Meantime on 25 January the Scottish Parliament Public Petitions Committee more or less gave up on its attempt to get the Scottish Government to hold an inquiry into all aspects of the Lockerbie case but sent more questions, to the Scottish Criminal Cases Review Commission, the Lord Advocate and the Cabinet Secretary for Justice, producing an interesting set of replies shortly afterwards.  The SCCRC indicated its view that it could reopen a case in which, like Megrahi’s, an appeal had been abandoned; the Lord Advocate confirmed that the Crown Office has never held the view that Megrahi acted alone and that investigations of the bombing and other possible perpetrators were still open; and the Cabinet Secretary for Justice pointed out that the remit of the Carloway inquiry into criminal procedure and evidence following the Cadder case includes a review of the Criminal Procedure (Legal Assistance, Detention and Appeals) Act 2010 (which has been seen by some as severely restricting the power of the SCCRC to refer cases to the High Court of Justiciary). 

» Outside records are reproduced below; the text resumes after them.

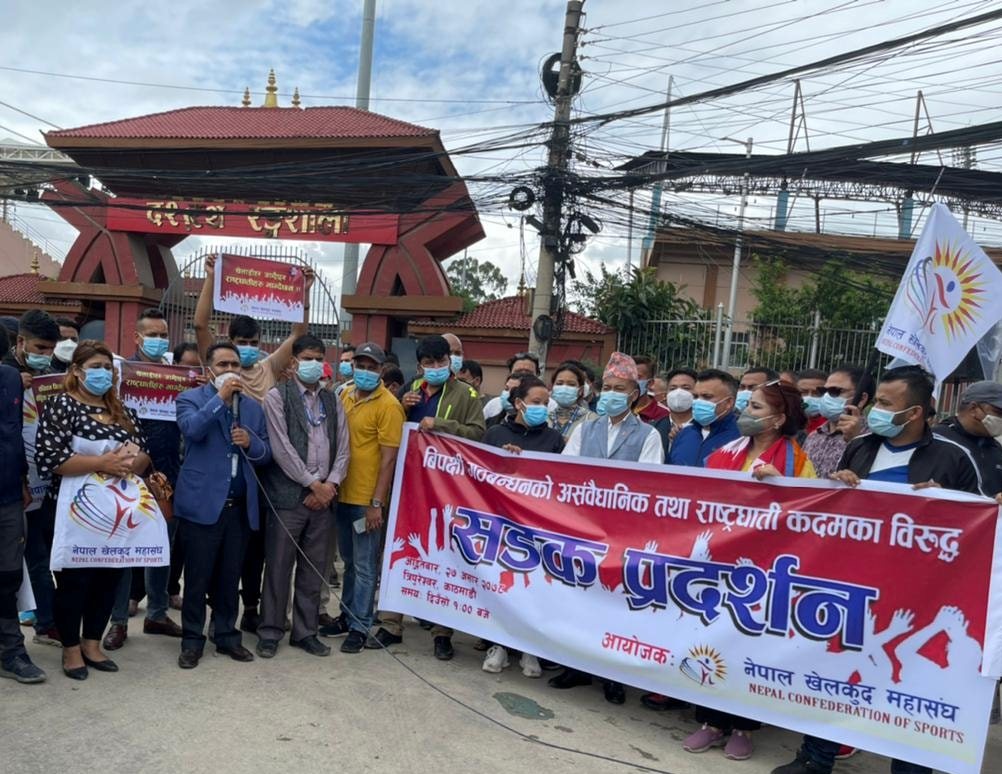काठमाडौं । नेपाल खेलकुद महासंघ (नेकोस)ले विपक्षी गठबन्धनको असंवैधानिक कदमविरुद्ध सडक प्रदर्शन गरेको छ । नेकोसले आइतवार राजधानीमा सडक प्रदर्शन गरेको हो ।
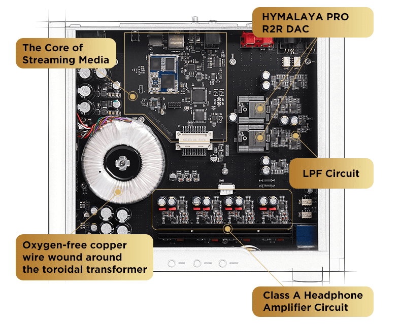 Sluchátkový zesilovač s D/A převodníkem a streamerem. Nový čip Hymalaya Pro R2R Ladder DAC, podporované rozlišení PCM 768 kHz / 32 bit a DSD512. Vstupy: coaxial, ethernet, optika, RCA, USB B. Výstupy: jack 4.4 mm, jack 6.3 mm, RCA, XLR, XLR 4-pin. Bluetooth 5.0, kodeky LDAC, aptX™, aptX™ HD.
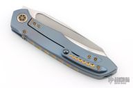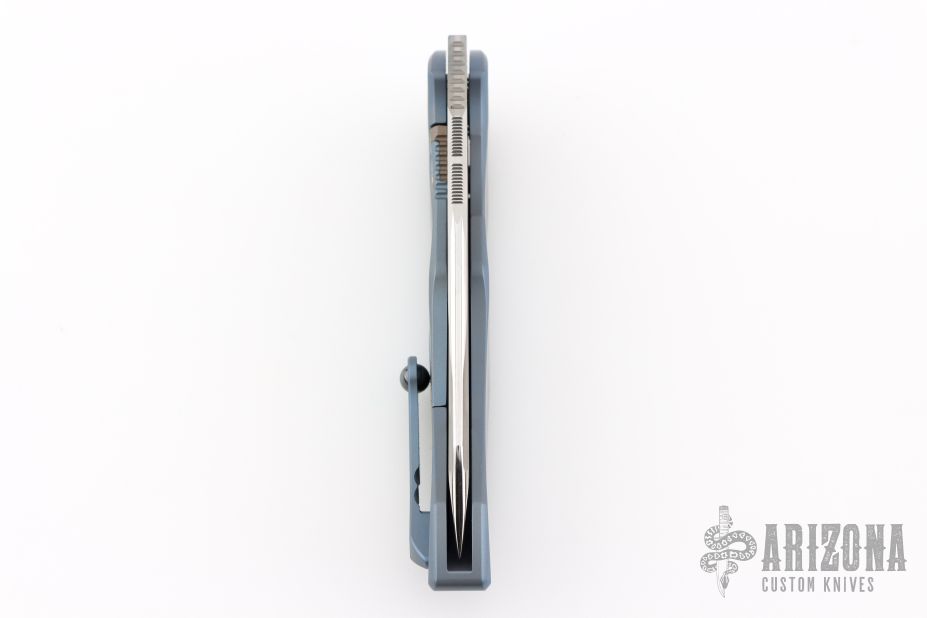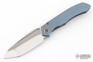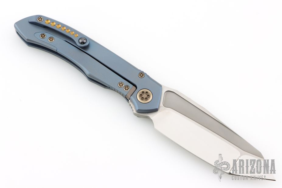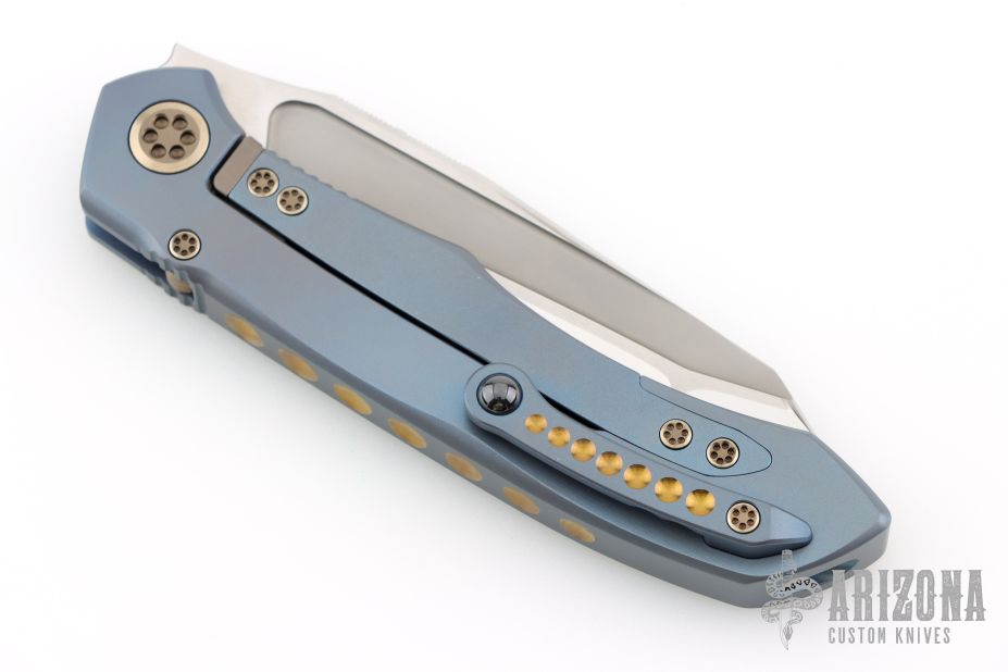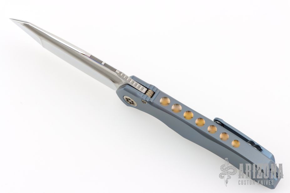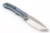 This Anax from Marfione Custom Knives features a mirror polished tanto blade with bead blasted cut-outs and satin flats, and a notched thumbrest. The handle has an integral titanium frame with optional lanyard attachment. Frame is anodized blue and hardware is anodized bronze. Nice detent, lockup and blade seating. "A. Marfione" inside the frame and dated 08/2015. Includes original box, COA and zippered case. Excellent condition.

As all this was going on, the people of Northern Africa began to rise against their governments, and Tunisia and Egypt found themselves suddenly moving into a new era which, they perhaps fondly hoped, would be a bit more democratic than the previous ones.  Nearby Libya proved not to be immune to the popular tide; but the government of Colonel Gaddafi emerged as altogether more resistant to such change than its Tunisian and Egyptian counterparts, even after NATO and UN intervention in effect on the side of the rebels.  There were some defections from Gaddafi’s side, however; notably his Justice Minister, Mustafa Abdel Jalil (who claimed to have evidence that implicated Gaddafi as having ordered the Lockerbie bombing), and the Foreign Minister, Moussa Koussa.  The latter was interviewed by Dumfries & Galloway police and Crown Office officials on 4 April in connection with the Lockerbie case (see here), but no further information emerged in public, at least, and Koussa went on his way, having been granted access to funds he held in Europe that had been frozen as part of the sanctions against the Gaddafi regime.

As for Megrahi himself, he remains obdurately alive, although reports vary between saying that he is all but at death’s door or is likely to live for many years yet.  There are also claims that he is due to move into a new house being built for him in Tripoli.  How his interests might be affected if Gaddafi is overthrown is unclear; this interesting BBC report includes the information that Megrahi’s tribe, the Magariha, is at odds with the Qadhadfa tribe from which Gadaffi comes, at least within the Libyan armed forces.  Perhaps a Scottish safe haven may yet come to have its attractions.